Estimates the average causal effect (ACE) on the target of two different sets of interventions. The interventions can be specified through the parameters interventions_alternative and interventions_reference. For example, if the alternative intervention is do(T := 1) and the reference intervention is do(T := 0), then the average causal effect is given by ACE = E[Y | do(T := 1)] - E[Y | do(T := 0)]:

>>> average_causal_effect(causal_model, 'Y', {'T': lambda _ : 1}, {'T': lambda _ : 0})
We can also specify more complex interventions on multiple nodes:
>>> average_causal_effect(causal_model,
>>>                       'Y',
>>>                       {'T': lambda _ : 1, 'X0': lambda x : x + 1},
>>>                       {'T': lambda _ : 0, 'X0': lambda x : x * 2})

In the above, we would estimate ACE = E[Y | do(T := 1), do(X0 := X0 + 1)] - E[Y | do(T := 0), do(X0 := X0 * 2)].

Note: The target node can be a continuous real-valued variable or a categorical variable with at most two classes (i.e. binary).

Parameters:
  • causal_model – The probabilistic causal model we perform this intervention on .

  • target_node – Target node for which the ACE is estimated.

  • interventions_alternative – Dictionary defining the interventions for the alternative values.

  • interventions_reference – Dictionary defining the interventions for the reference values.

  • observed_data – Factual data that we observe for the nodes in the causal graph. By default, new data is sampled using the causal model. If observational data is available, providing them might improve the accuracy by mitigating issues due to a misspecified graph and/or causal models.

  • num_samples_to_draw – Number of samples drawn from the causal model for estimating ACE if no observed data is given.

Returns:

The estimated average causal effect (ACE).
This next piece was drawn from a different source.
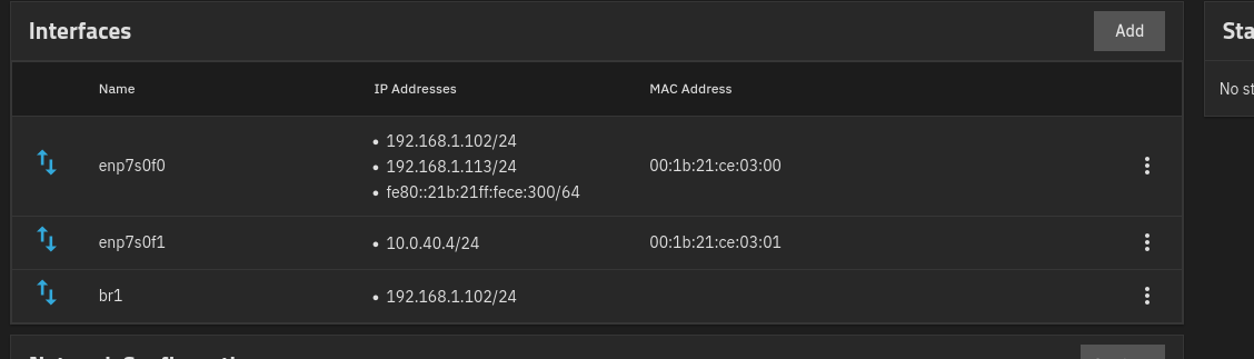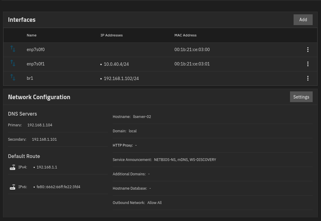 I feel I should just set a static IP for the truenas nic enp7s0f0 eg 192.168.1.100

dowhy.gcm.whatif.counterfactual_samples(causal_model: StructuralCausalModel | InvertibleStructuralCausalModel, interventions: Dict[Any, Callable[[ndarray], float | ndarray]], observed_data: DataFrame | None = None, noise_data: DataFrame | None = None) DataFrame[source]#

Estimates counterfactual data for observed data if we were to perform specified interventions. This function implements the 3-step process for computing counterfactuals by Pearl (see https://ftp.cs.ucla.edu/pub/stat_ser/r485.pdf).

Parameters:
  • causal_model – The (invertible) structural causal model we perform this intervention on. If noise_data is None and observed_data is provided, this must be an invertible structural model, otherwise, this can be either a structural causal model or an invertible one.

  • interventions – Dictionary containing the interventions we want to perform keyed by node name. An intervention is a function that takes a value as input and returns another value. For example, {‘X’: lambda x: 2} mimics the atomic intervention do(X:=2).
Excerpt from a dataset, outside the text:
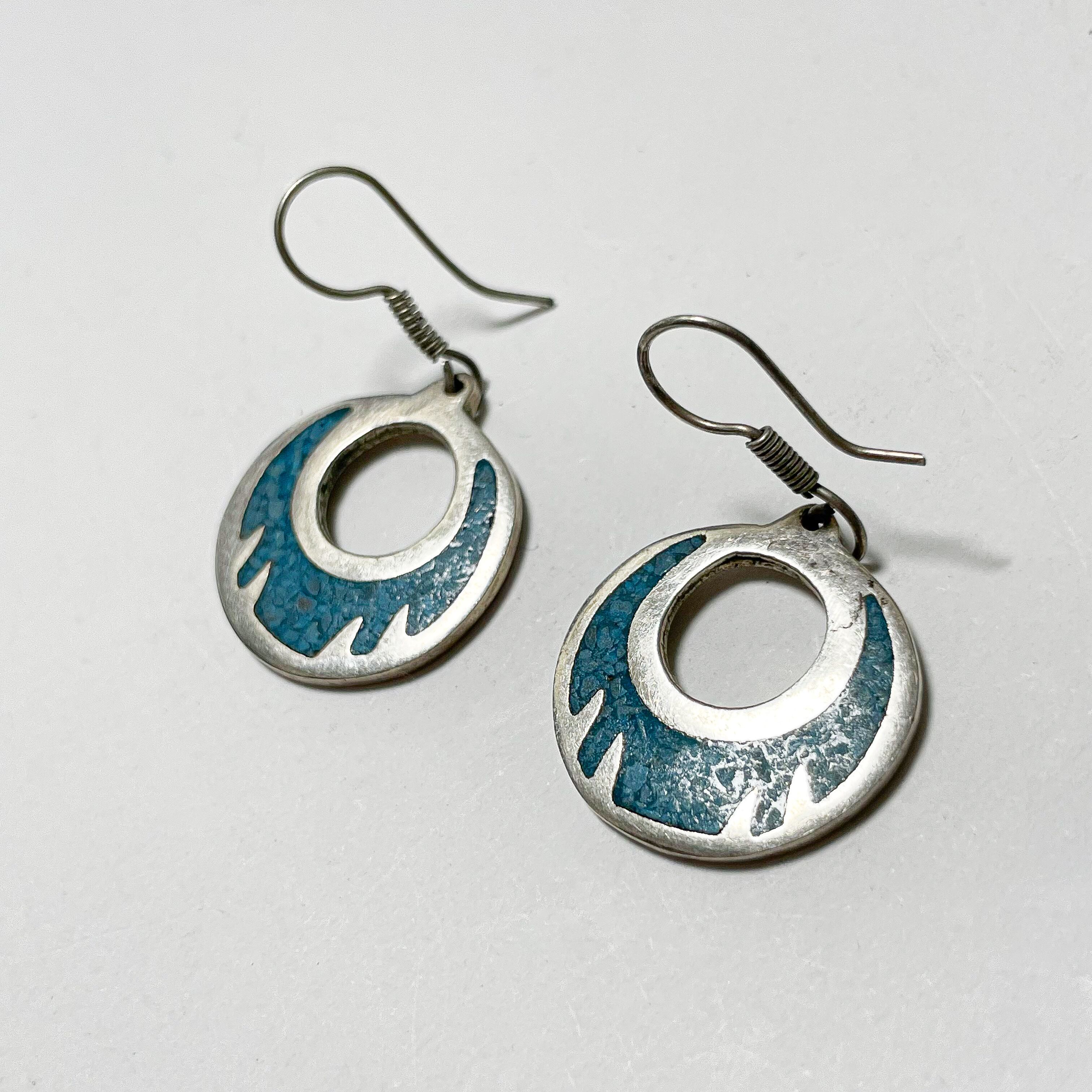 メキシコ製925シルバーとクラッシュターコイズのヴィンテージピアスです。

  • observed_data – Factual data that we observe for the nodes in the causal graph.

  • noise_data – Data of noise terms corresponding to nodes in the causal graph. If not provided, these have to be estimated from observed data. Then we require causal models of nodes to be invertible.

Returns:

Estimated counterfactual data.

dowhy.gcm.whatif.interventional_samples(causal_model: ProbabilisticCausalModel, interventions: Dict[Any, Callable[[ndarray], float | ndarray]], observed_data: DataFrame | None = None, num_samples_to_draw: int | None = None) DataFrame[source]#

Performs intervention on nodes in the causal graph.

Parameters:
  • causal_model – The probabilistic causal model we perform this intervention on .
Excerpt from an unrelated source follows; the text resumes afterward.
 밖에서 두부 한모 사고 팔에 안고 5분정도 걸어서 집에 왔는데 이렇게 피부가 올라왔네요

  • interventions – Dictionary containing the interventions we want to perform, keyed by node name. An intervention is a function that takes a value as input and returns another value. For example, {‘X’: lambda x: 2} mimics the atomic intervention do(X:=2). A soft intervention can be formulated as {‘X’: lambda x: 0.2 * x}.

  • observed_data – Optionally, data on which to perform interventions. If None are given, data is generated based on the generative models.

  • num_samples_to_draw – Sample size to draw from the interventional distribution.

Returns:

Samples from the interventional distribution.

Module contents#

The gcm sub-package provides features built on top of graphical causal model (GCM) based inference.